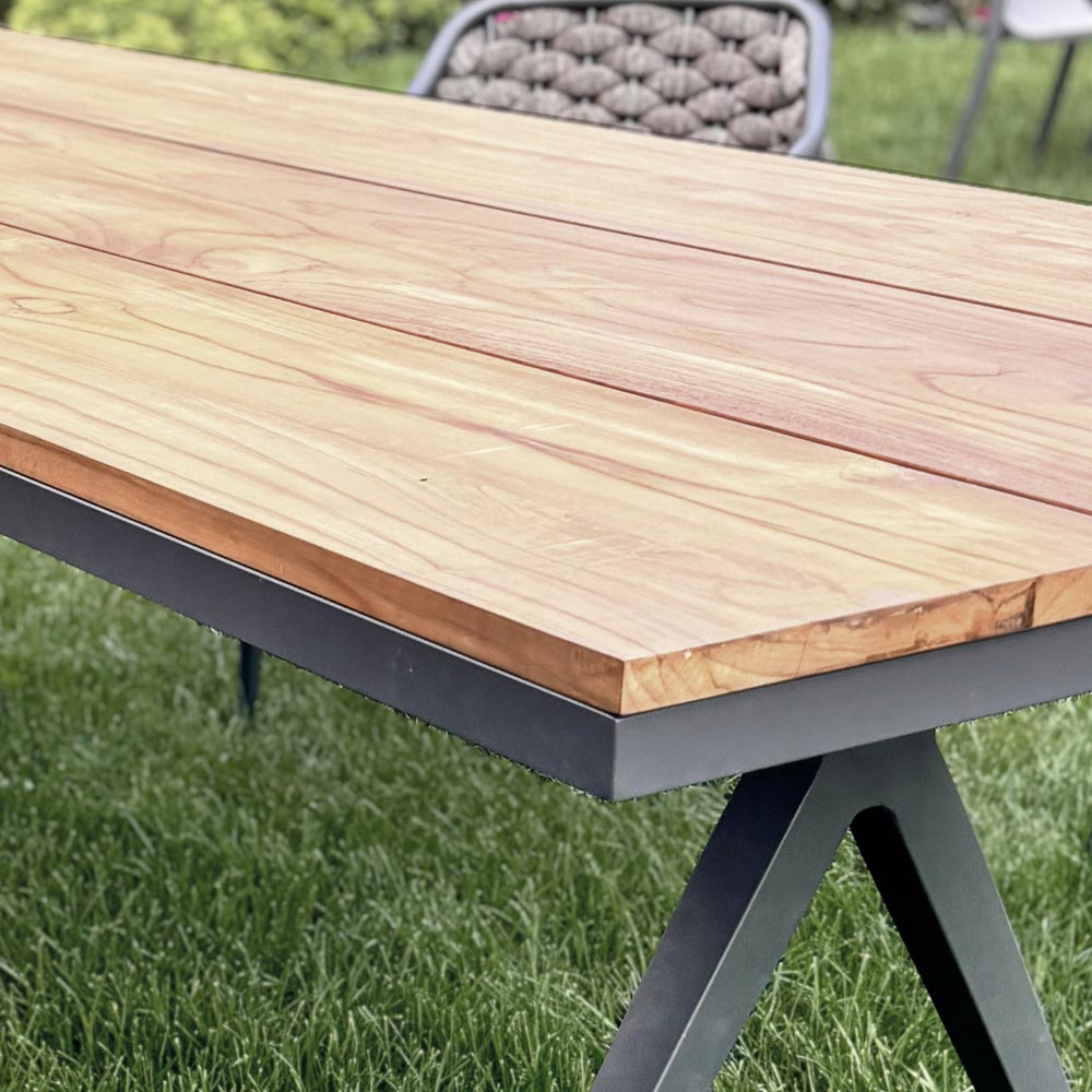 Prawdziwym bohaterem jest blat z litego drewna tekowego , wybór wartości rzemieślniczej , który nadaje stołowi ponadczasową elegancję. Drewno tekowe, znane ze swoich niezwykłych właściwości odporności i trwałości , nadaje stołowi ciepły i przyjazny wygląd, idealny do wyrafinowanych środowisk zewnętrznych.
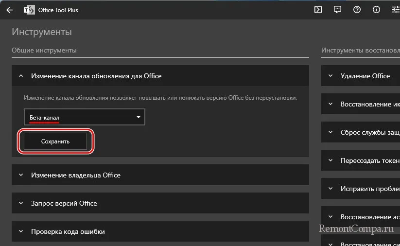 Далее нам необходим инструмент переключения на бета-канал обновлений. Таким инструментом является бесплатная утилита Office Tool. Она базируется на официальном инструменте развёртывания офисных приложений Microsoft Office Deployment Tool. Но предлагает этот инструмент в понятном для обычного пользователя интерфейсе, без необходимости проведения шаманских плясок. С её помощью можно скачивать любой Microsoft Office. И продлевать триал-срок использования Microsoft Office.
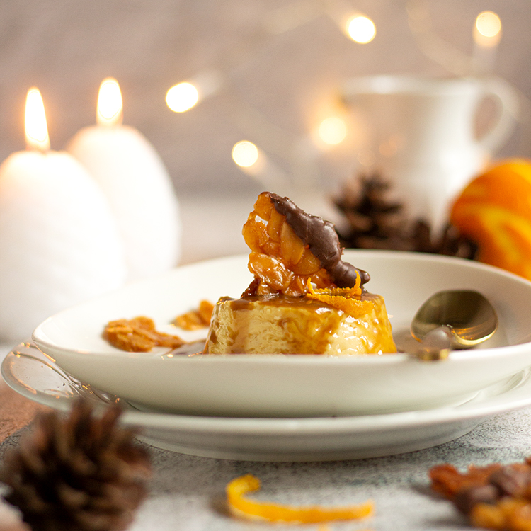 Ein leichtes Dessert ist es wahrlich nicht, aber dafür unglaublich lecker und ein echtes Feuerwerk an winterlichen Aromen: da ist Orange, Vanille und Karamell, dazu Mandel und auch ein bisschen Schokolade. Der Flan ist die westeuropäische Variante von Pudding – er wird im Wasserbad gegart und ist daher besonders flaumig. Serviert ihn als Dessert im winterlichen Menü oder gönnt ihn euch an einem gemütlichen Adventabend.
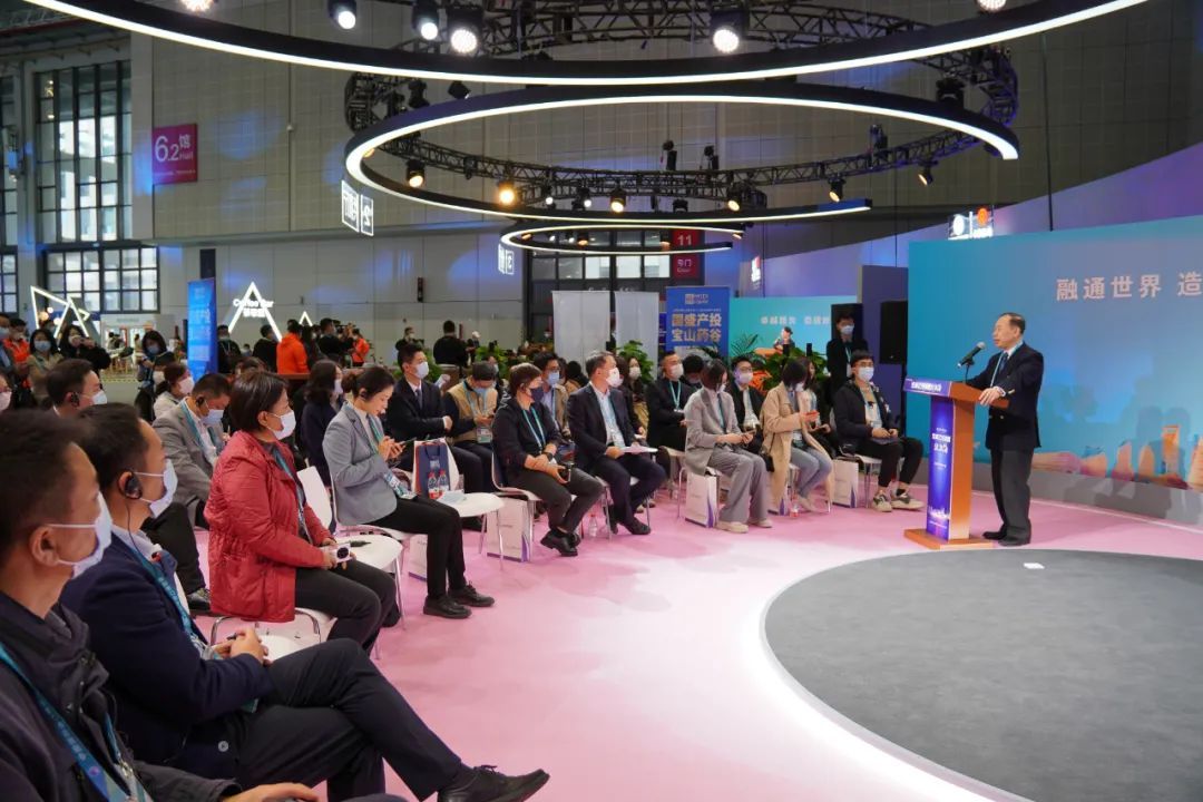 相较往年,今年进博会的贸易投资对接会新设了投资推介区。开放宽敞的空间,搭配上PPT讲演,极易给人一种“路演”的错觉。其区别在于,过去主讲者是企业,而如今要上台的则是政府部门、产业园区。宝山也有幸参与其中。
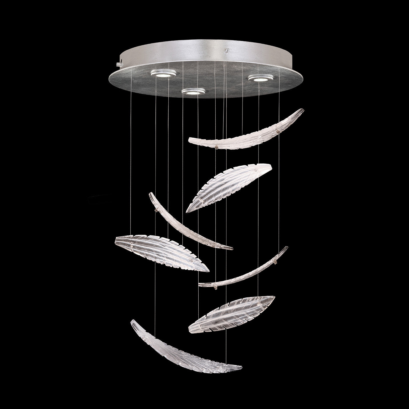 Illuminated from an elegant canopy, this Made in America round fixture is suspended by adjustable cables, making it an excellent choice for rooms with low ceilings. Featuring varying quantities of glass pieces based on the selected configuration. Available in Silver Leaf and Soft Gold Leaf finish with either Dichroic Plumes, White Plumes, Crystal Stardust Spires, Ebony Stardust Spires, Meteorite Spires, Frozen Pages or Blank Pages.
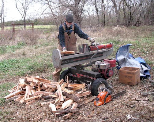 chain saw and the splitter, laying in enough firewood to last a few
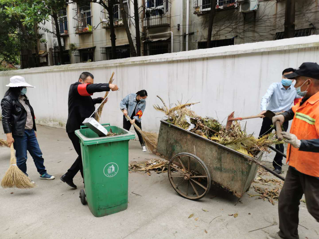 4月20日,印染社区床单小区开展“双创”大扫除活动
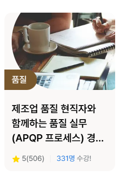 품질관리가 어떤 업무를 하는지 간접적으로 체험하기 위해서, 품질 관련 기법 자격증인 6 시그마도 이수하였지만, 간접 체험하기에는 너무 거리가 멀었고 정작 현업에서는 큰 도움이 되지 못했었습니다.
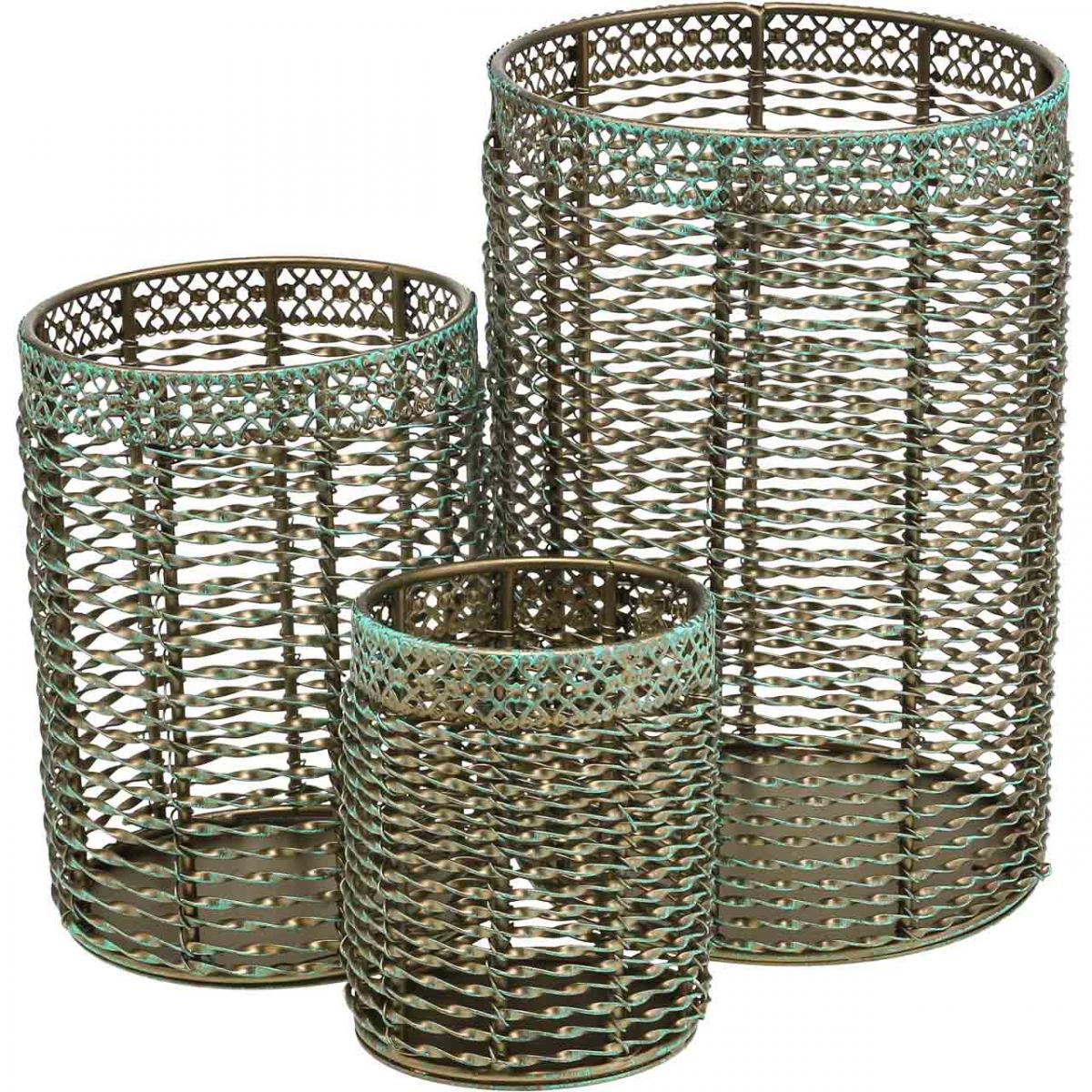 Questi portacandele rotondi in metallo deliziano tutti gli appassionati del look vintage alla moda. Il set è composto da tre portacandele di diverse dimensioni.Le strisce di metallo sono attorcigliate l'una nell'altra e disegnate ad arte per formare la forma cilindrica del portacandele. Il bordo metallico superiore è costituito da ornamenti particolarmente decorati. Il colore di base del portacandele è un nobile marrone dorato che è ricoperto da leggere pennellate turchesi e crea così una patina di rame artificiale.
○ ○ ○ ○ ○ ○ ○
Print the line above containing "Далее нам необходим", the line containing "품질관리가 어떤 업무를", and everything between them, exactly as written. Pictures stay out.

 Далее нам необходим инструмент переключения на бета-канал обновлений. Таким инструментом является бесплатная утилита Office Tool. Она базируется на официальном инструменте развёртывания офисных приложений Microsoft Office Deployment Tool. Но предлагает этот инструмент в понятном для обычного пользователя интерфейсе, без необходимости проведения шаманских плясок. С её помощью можно скачивать любой Microsoft Office. И продлевать триал-срок использования Microsoft Office.
 Ein leichtes Dessert ist es wahrlich nicht, aber dafür unglaublich lecker und ein echtes Feuerwerk an winterlichen Aromen: da ist Orange, Vanille und Karamell, dazu Mandel und auch ein bisschen Schokolade. Der Flan ist die westeuropäische Variante von Pudding – er wird im Wasserbad gegart und ist daher besonders flaumig. Serviert ihn als Dessert im winterlichen Menü oder gönnt ihn euch an einem gemütlichen Adventabend.
 相较往年,今年进博会的贸易投资对接会新设了投资推介区。开放宽敞的空间,搭配上PPT讲演,极易给人一种“路演”的错觉。其区别在于,过去主讲者是企业,而如今要上台的则是政府部门、产业园区。宝山也有幸参与其中。
 Illuminated from an elegant canopy, this Made in America round fixture is suspended by adjustable cables, making it an excellent choice for rooms with low ceilings. Featuring varying quantities of glass pieces based on the selected configuration. Available in Silver Leaf and Soft Gold Leaf finish with either Dichroic Plumes, White Plumes, Crystal Stardust Spires, Ebony Stardust Spires, Meteorite Spires, Frozen Pages or Blank Pages.
 chain saw and the splitter, laying in enough firewood to last a few
 4月20日,印染社区床单小区开展“双创”大扫除活动
 품질관리가 어떤 업무를 하는지 간접적으로 체험하기 위해서, 품질 관련 기법 자격증인 6 시그마도 이수하였지만, 간접 체험하기에는 너무 거리가 멀었고 정작 현업에서는 큰 도움이 되지 못했었습니다.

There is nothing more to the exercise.